## EXERCISE AIM:
Look in the data below for the line that has "The Economic Freedom", then print exactly every line from there through the line that has "Judges 10:14 Go", leaving pictures out.

## SUPPLIED RECORDS:
= Beginning of Section =

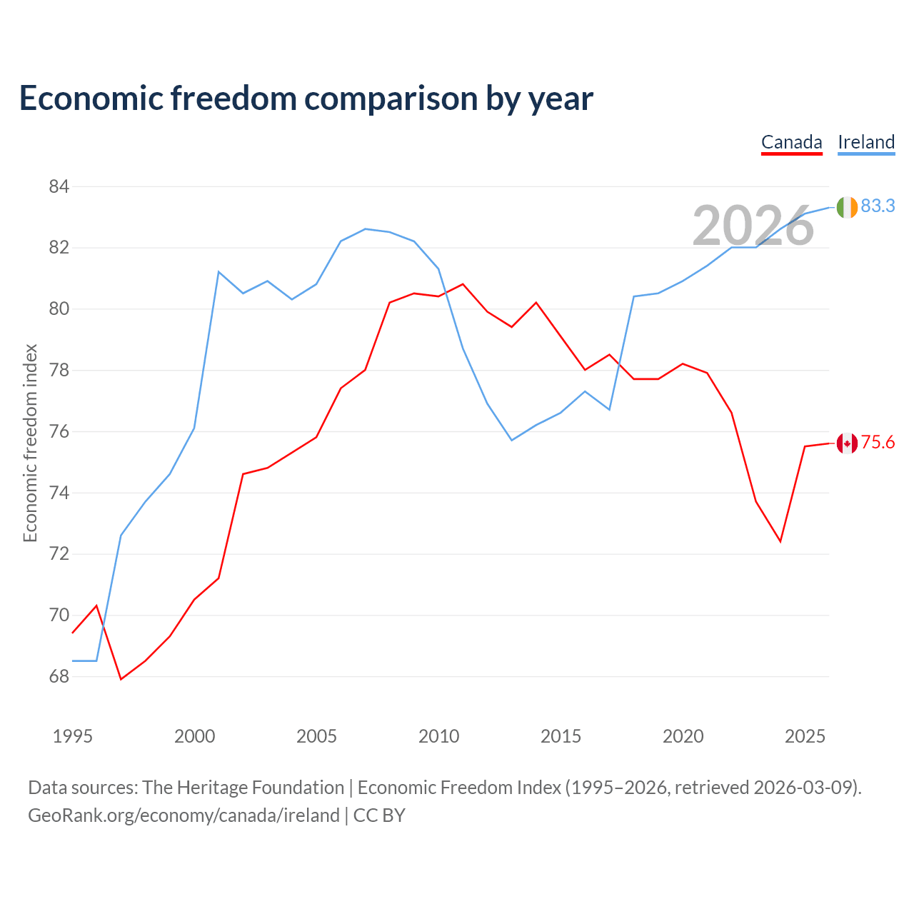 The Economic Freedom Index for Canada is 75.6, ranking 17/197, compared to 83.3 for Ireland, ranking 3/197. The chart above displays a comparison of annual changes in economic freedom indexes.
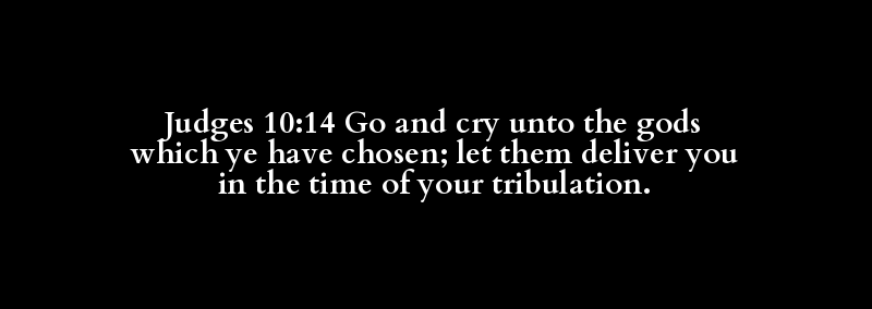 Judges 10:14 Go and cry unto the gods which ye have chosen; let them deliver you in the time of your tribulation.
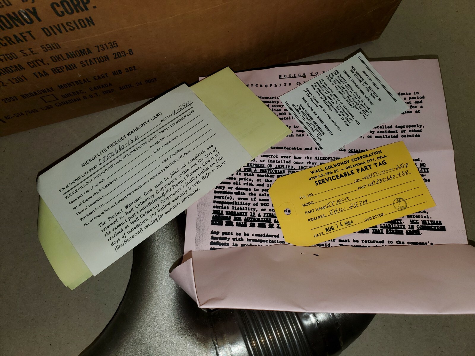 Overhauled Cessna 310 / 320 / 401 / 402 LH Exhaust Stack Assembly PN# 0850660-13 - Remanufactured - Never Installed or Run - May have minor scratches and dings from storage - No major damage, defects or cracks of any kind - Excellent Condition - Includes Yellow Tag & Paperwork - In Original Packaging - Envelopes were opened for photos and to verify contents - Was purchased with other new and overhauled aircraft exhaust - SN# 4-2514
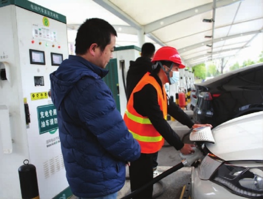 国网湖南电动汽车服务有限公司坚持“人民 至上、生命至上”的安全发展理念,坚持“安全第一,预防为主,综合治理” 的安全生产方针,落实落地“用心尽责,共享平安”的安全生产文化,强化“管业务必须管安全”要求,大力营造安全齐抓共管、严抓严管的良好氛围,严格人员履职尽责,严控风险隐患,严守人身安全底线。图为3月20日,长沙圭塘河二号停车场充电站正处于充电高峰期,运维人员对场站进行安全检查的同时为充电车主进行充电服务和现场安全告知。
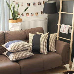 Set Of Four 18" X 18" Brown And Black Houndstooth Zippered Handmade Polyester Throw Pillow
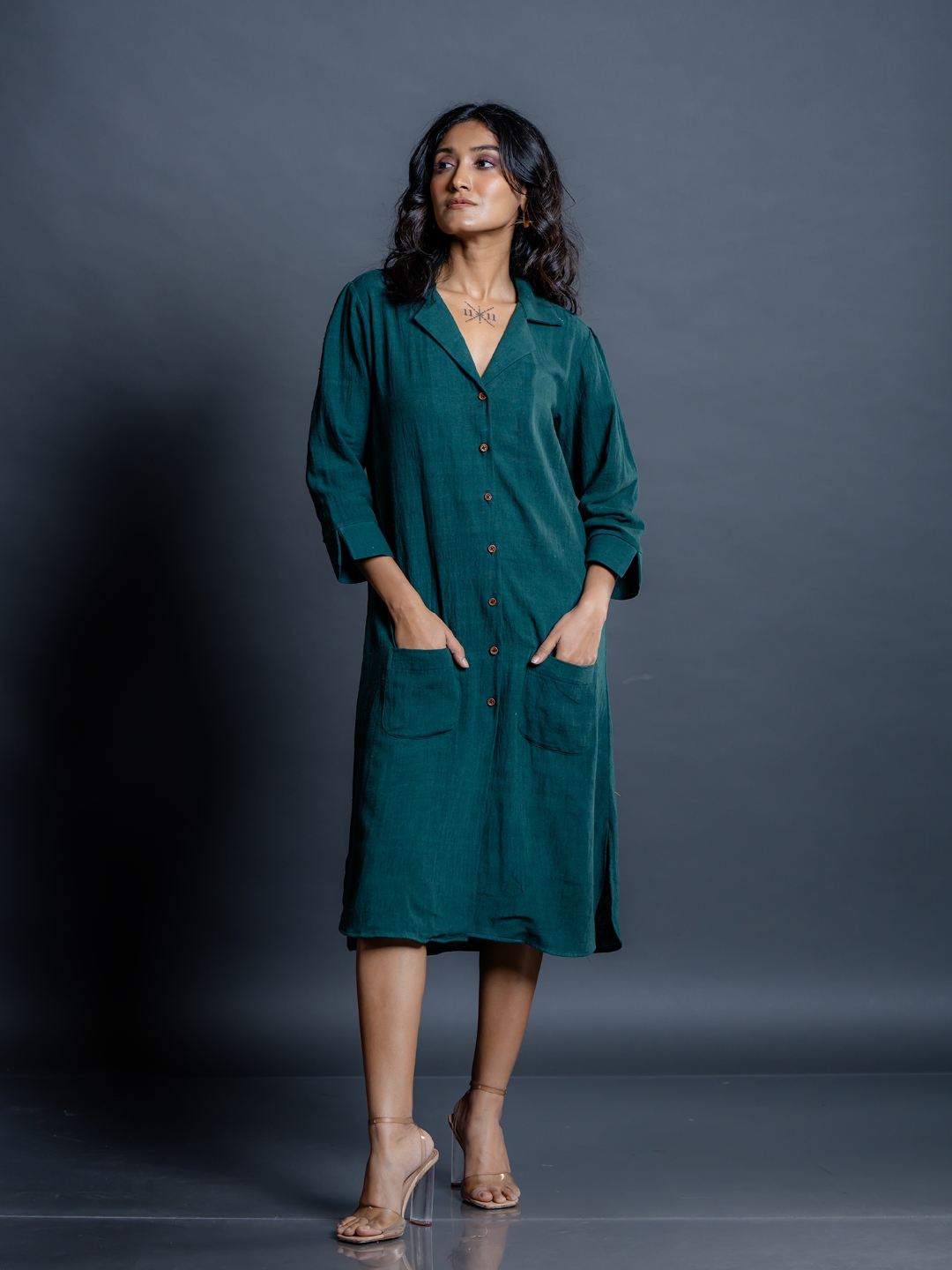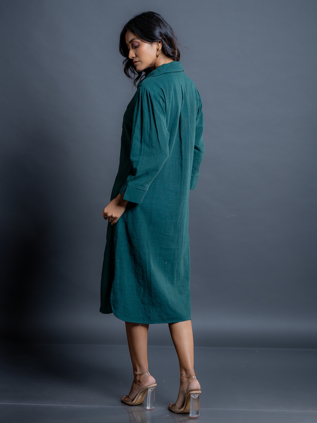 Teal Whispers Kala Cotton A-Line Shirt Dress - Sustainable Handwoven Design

= End of Section =
= Beginning of Section =

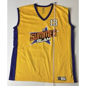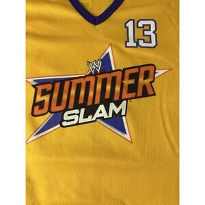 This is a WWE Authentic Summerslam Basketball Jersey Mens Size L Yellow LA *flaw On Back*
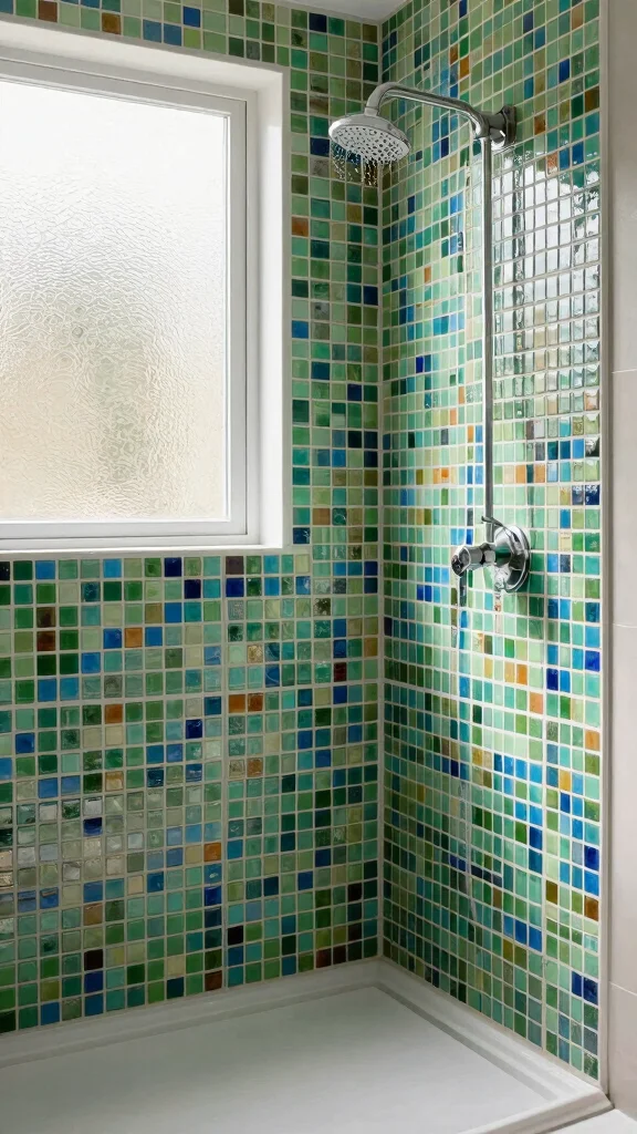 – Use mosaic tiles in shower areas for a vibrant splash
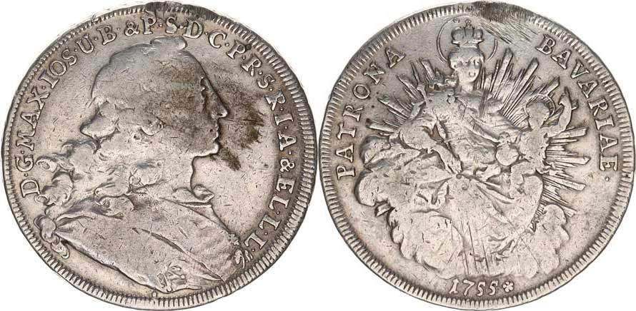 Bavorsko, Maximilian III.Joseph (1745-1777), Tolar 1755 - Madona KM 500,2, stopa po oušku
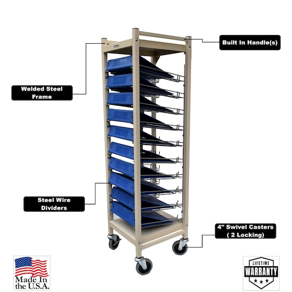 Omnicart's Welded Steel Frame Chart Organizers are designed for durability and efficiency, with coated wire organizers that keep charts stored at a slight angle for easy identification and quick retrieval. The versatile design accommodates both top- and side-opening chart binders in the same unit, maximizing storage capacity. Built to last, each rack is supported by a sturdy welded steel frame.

= End of Section =
= Beginning of Section =

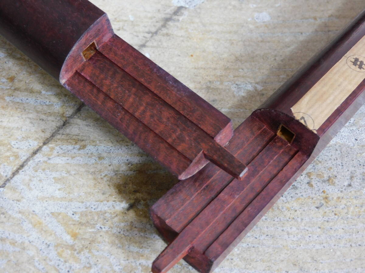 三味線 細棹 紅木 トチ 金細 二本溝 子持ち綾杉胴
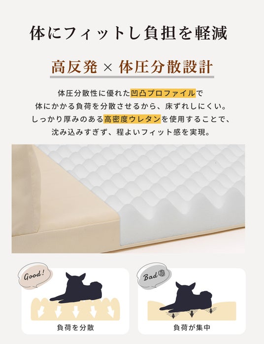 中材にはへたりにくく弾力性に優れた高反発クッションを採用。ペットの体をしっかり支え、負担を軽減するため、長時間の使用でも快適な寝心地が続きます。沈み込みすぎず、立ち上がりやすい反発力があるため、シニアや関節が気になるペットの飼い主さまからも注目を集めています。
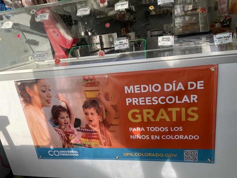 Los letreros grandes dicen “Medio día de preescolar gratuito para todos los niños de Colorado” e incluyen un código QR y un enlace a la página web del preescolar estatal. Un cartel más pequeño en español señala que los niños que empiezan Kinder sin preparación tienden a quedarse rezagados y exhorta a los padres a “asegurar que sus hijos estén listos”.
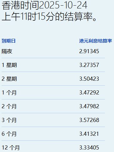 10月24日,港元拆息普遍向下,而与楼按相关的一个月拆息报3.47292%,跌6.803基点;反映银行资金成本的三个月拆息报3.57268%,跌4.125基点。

= End of Section =

## RESPONSE AREA:
 The Economic Freedom Index for Canada is 75.6, ranking 17/197, compared to 83.3 for Ireland, ranking 3/197. The chart above displays a comparison of annual changes in economic freedom indexes.
 Judges 10:14 Go and cry unto the gods which ye have chosen; let them deliver you in the time of your tribulation.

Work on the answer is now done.